__Data section__.

··········

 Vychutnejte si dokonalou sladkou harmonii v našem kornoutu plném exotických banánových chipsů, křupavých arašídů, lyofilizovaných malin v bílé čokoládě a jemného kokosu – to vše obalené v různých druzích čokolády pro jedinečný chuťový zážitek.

··········

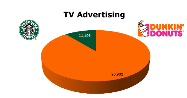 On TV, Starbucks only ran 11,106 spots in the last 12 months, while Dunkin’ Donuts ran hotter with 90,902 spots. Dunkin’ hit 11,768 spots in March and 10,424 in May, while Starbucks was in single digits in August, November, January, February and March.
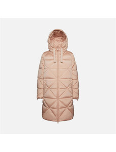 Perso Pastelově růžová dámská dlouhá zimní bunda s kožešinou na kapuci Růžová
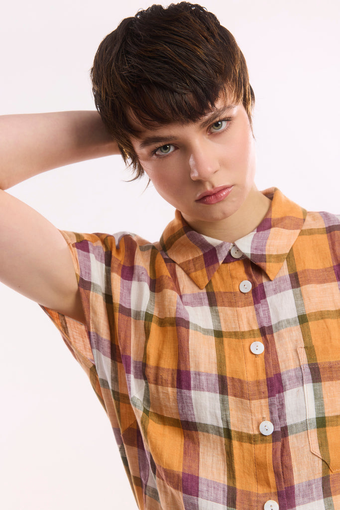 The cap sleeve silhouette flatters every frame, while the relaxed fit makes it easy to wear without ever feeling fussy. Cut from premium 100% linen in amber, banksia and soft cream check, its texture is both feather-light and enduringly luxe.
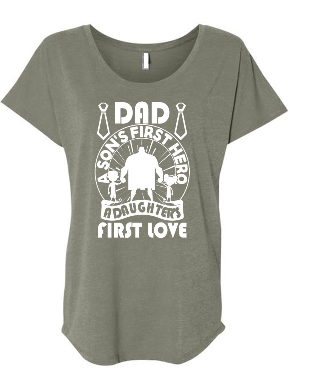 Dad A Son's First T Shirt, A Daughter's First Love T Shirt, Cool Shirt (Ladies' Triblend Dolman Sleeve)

··········

__What is expected__. Go to the line above that has "On TV, Starbucks" and copy exactly from there down to the line that has "Dad A Son's", both included. Leave the pictures out.

__Response area__.
 On TV, Starbucks only ran 11,106 spots in the last 12 months, while Dunkin’ Donuts ran hotter with 90,902 spots. Dunkin’ hit 11,768 spots in March and 10,424 in May, while Starbucks was in single digits in August, November, January, February and March.
 Perso Pastelově růžová dámská dlouhá zimní bunda s kožešinou na kapuci Růžová
 The cap sleeve silhouette flatters every frame, while the relaxed fit makes it easy to wear without ever feeling fussy. Cut from premium 100% linen in amber, banksia and soft cream check, its texture is both feather-light and enduringly luxe.
 Dad A Son's First T Shirt, A Daughter's First Love T Shirt, Cool Shirt (Ladies' Triblend Dolman Sleeve)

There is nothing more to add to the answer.